In the records below, find the line that contains "U.K. BRANCH /U.K." and the line that contains "Die Kuschematte muss", then retype exactly those two lines and every line between them.

BEGIN

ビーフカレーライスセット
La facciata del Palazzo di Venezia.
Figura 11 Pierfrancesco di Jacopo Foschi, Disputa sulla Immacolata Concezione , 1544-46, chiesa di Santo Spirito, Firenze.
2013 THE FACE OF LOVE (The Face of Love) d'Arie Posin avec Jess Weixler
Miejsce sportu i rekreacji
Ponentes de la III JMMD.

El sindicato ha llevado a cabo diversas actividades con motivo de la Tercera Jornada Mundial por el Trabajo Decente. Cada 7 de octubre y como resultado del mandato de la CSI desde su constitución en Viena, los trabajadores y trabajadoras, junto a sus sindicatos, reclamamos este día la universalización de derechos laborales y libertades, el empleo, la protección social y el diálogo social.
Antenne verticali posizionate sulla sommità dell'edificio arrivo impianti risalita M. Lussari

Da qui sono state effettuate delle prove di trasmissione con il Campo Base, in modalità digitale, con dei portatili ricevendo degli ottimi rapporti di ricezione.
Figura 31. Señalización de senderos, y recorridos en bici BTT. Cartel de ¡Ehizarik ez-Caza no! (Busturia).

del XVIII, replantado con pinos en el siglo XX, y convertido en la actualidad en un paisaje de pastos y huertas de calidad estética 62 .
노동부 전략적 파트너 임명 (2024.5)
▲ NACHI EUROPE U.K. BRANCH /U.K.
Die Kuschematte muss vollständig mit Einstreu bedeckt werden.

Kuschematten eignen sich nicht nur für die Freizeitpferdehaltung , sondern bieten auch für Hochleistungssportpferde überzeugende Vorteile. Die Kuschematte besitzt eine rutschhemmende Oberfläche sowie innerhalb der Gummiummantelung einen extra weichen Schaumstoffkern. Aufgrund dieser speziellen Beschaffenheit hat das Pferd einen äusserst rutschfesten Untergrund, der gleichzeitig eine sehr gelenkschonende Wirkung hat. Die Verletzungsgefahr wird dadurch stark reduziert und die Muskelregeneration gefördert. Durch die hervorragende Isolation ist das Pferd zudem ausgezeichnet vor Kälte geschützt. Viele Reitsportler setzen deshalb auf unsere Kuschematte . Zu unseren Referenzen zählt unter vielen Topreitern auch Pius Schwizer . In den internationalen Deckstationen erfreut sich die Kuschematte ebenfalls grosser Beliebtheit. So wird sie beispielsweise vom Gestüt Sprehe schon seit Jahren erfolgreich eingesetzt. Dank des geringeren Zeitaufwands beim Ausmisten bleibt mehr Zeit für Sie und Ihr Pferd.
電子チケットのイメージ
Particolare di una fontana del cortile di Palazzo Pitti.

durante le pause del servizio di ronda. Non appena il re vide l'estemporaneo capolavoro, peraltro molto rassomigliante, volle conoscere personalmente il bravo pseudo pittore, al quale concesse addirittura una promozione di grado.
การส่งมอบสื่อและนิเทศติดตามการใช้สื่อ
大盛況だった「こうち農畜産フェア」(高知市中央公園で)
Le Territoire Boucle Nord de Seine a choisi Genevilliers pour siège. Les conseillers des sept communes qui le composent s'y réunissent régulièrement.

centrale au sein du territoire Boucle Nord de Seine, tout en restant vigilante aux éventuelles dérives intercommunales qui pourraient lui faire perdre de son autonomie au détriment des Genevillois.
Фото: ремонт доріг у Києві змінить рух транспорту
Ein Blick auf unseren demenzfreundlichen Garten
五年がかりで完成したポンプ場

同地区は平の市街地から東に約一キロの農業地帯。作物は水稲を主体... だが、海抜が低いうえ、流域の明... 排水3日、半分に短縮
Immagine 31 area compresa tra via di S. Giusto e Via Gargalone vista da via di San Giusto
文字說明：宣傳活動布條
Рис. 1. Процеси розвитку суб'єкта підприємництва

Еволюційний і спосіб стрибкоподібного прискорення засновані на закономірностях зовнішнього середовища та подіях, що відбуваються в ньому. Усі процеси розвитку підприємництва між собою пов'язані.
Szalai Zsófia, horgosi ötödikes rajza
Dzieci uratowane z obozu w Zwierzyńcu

END

### Solution to this exercise
▲ NACHI EUROPE U.K. BRANCH /U.K.
Die Kuschematte muss vollständig mit Einstreu bedeckt werden.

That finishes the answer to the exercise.